Kenny took the unusual step of penning a New York Times op-ed on Monday, ahead of Tuesday’s high court hearing of arguments in the case, in addition to a post for Nielsen’s own website.

“If the government is successful in adding the citizenship question to the 2020 census, the census will contain flawed data that will have far-reaching consequences for U.S. commerce and media, retail and consumer packaged goods businesses,” Kenny wrote in the Nielsen blog post. “Billions of dollars follow these counts.”

As Kenny sees it, the bid to add citizenship as a component of the census is an effort to stave off the effects of an inevitable reshaping of the U.S. population. By 2044, he wrote in the Times, “white Americans will be a minority. We know that because prior decennial census data has told us so.” At that point, Hispanics will make up 25% of the population; African-Americans, 12.7%; Asians, 7.9%; and multiracial people, 3.7%.

“American businesses are already adapting to this evolving customer base, but they require the best possible data to do so,” Kenny wrote.

Trump officials have maintained that the citizenship question has been included over recent decades, except when it was removed in 2010. Fact-checks have since shown that the last year that all U.S. households were asked about citizenship was 1950.
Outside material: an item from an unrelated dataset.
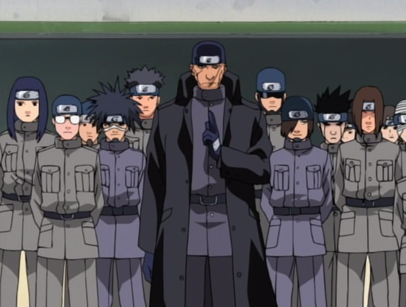 Kotetsu, aux côtés d'Ibiki et des autres examinateurs de la première épreuve.

In March 2018, Ross claimed in a memo that the goal of the initiative was merely to gain “more complete information” about the U.S. population. “The Department of Commerce is not able to determine definitively how inclusion of a citizenship question on the decennial census will impact responsiveness,” he wrote. “However, even if there is some impact on responses, the value of more complete and accurate data derived from surveying the entire population outweighs such concerns. Completing and returning decennial census questionnaires is required by Federal law, those responses are protected by law, and inclusion of a citizenship question on the 2020 decennial census will provide more complete information for those who respond.”